Those of us who wear glasses know that the world looks very different depending on whether or not we have our glasses on. And they have to be OUR glasses. We can’t really see the world well through someone else’s prescription glasses.
Several years ago someone I know dropped their glasses into the water while out boating about a week before they were to have eye surgery. Being a practical person they didn’t want to spend the money for a new pair of glasses for only a few days use. They knew their prescription would change dramatically because of the planned surgery.
However, their pre-vision surgery was very poor and therefore their ability to effectively function was seriously compromised. They couldn’t drive and they couldn’t read, so even if they were able to get to their office they couldn’t actually do their work.

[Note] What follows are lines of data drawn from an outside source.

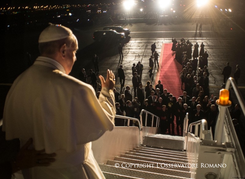 All’aeroporto internazionale di Philadelphia, il Santo Padre Francesco si è congedato questa sera dagli Stati Uniti, al termine del Suo 10° Viaggio Apostolico. Con il Vice-Presidente degli USA erano presenti Autorità civili ed ecclesiastiche e una rappresentanza di fedeli. Dopo gli onori militari e il saluto delle Delegazioni, l’aereo – un B777 dell’American Airlines – con a bordo il Papa che partiva alla volta di Roma è decollato verso le 19.45 locali.
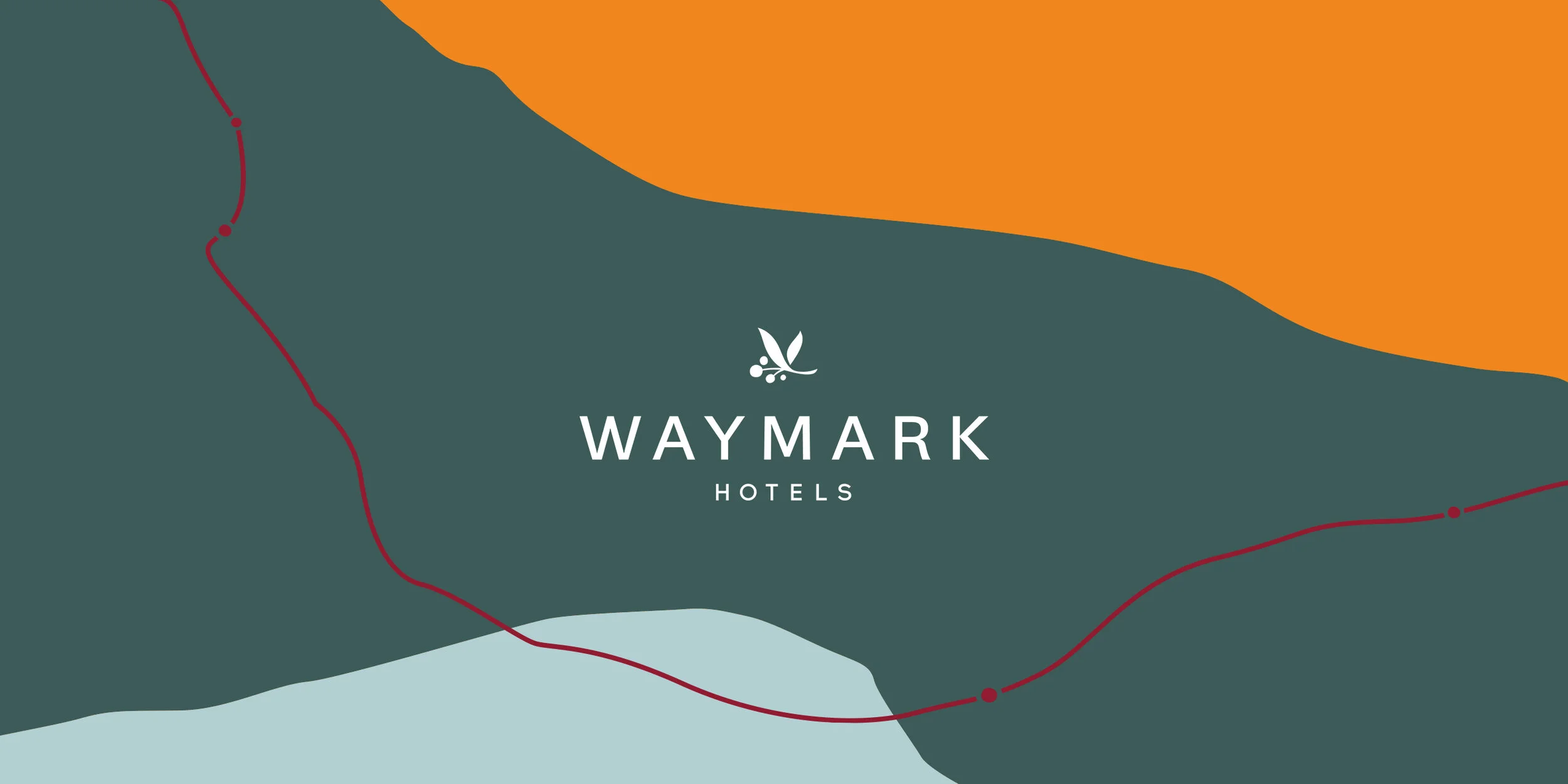 Waymark Group was born from Vinta, a group specialising in property development and management. The concept for the visual identity focuses on journeys and destinations and showing a sense of pace. It utilizes the route on maps, and roads as a visual device. It also incorporates white frames on developed photos to treat the photography. A Waymark stamp has been created to represent Waymark Hotels leaving a mark of quality.
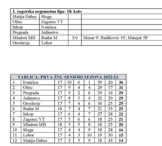 Danas je na rasporedu preostalih pet utakmica 18. kola 1. zagorske nogometne lige. Naime, već u četvrtak odigrana je utakmica u Mariji Bistrici, u kojoj je Mladost MB sa 3:0 pobijedila Rudar iz Mihovljana. Važna je to pobjeda Mladosti u borbi za opstanak. Inače, još u srijedu istom je rezultatom Inkop slavio kod Zagorec VT u zaostaloj utakmica 17. kola. A rasplet 18. kola na rasporedu je danas. Vodeća Ivančica gostuje kod susjeda Inkopa u Poznanovcu, a derbi će u Pregradi odigrati Pregrada i Jedinstvo. Zanimljivo bi moglo biti i u Zlataru, gdje Oštrc dočekuje Zagorec VT. U borbi za opstanak Matija Gubec dočekuje Slogu. Oroslavje će pak dočekati Lobor. Utakmice počinju u 17 sati.
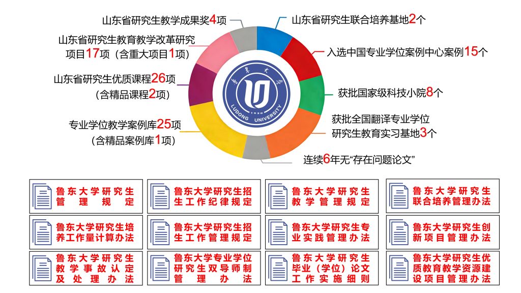 践行鲁大质量文化,教育教学改革稳步推进,质量保障体系日益完善。“十四五”期间,不断加强教育改革和教学资源建设,获山东省研究生教学成果奖4项、山东省研究生教育教学改革研究项目17项(重大项目1项)、山东省研究生优质课程26项(含精品课程2项)、专业学位教学案例库25项(含精品案例库1项)。获批全国翻译专业学位研究生教育实习基地3个,山东省研究生联合培养基地2个,入选中国专业学位案例中心案例15个,获批国家级科技小院8个。修订出台《鲁东大学研究生管理规定》等13个制度性文件,从招生、培养、实践到学位授予的全链条研究生质量保障体系愈发健全。在国务院学位办组织的学位论文抽检中,均无“存在问题论文”。

They were a member of a community organization that collected used eyeglasses for people who were in need of them, so they decided to see if they could find a pair among the donated glasses that might get them through the few days they would need them and then return them.
Amazingly they were able to find a pair that would work for them – sort of. The prescription in one lens was great. The other lens didn’t work so well. In fact, if they didn’t keep that eye closed when they were wearing the glasses they developed a terrible headache.
There is a lesson in there as we struggle through times of growing in understanding the lenses that those different from ourselves experience the world through.
Each of us comes to the table with a past filled with our own unique set of experiences. That doesn’t mean that one of us has the “right” experiences and the other has the “wrong” experiences. They are simply experiences and they are our own. These experiences in our life help form our ideas about what the world is like.
Our job is not to grab another’s glasses away and put them on ourselves. Our job is to listen to them as they tell us what they see through their glasses.
No matter how good our intent, we can’t see as they do through their glasses. But perhaps if we listen to them telling us what they see through their glasses, we can begin to notice and recognize their view through our glasses.
It is only when we can actually begin to see what the world looks like to another through our own glasses that we are changed and can truly empathize with another with a different prescription – a different perspective.
God has given us not only eyes to see, but ears to hear and hearts to love one another. When we use our eyes, ears and hearts to truly see another’s perspective we can reach out in love to those who we find very different from us.